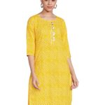 Women’s Cotton Straight Kurti -Yellow -S
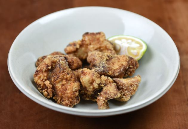 ハナザメの唐揚げ 皮を引き、適当な大きさに切る。竜田地(酒・みりん・醤油、好みで砂糖、にんにくもしくはショウガ)に漬けてもいいが、ここでは片栗粉をまぶして揚げ、揚げたてにヒバーツ(もちろんコショウでも)を振った。クセのない味わいで食べやすい。クリックで閉じます![]()
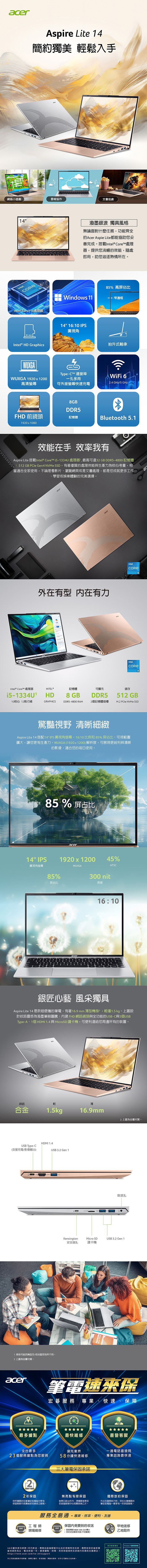 | 【商品名稱或型號】 | 【Acer 宏碁】Aspire AL14-52M-54QL 14吋文書筆電 - 銀 |

──────

> _Exercise goal_
Reproduce the full listing above verbatim, with no pictures included.

> _Exercise response_
 Women’s Cotton Straight Kurti -Yellow -S
 ハナザメの唐揚げ 皮を引き、適当な大きさに切る。竜田地(酒・みりん・醤油、好みで砂糖、にんにくもしくはショウガ)に漬けてもいいが、ここでは片栗粉をまぶして揚げ、揚げたてにヒバーツ(もちろんコショウでも)を振った。クセのない味わいで食べやすい。クリックで閉じます![]()
 | 【商品名稱或型號】 | 【Acer 宏碁】Aspire AL14-52M-54QL 14吋文書筆電 - 銀 |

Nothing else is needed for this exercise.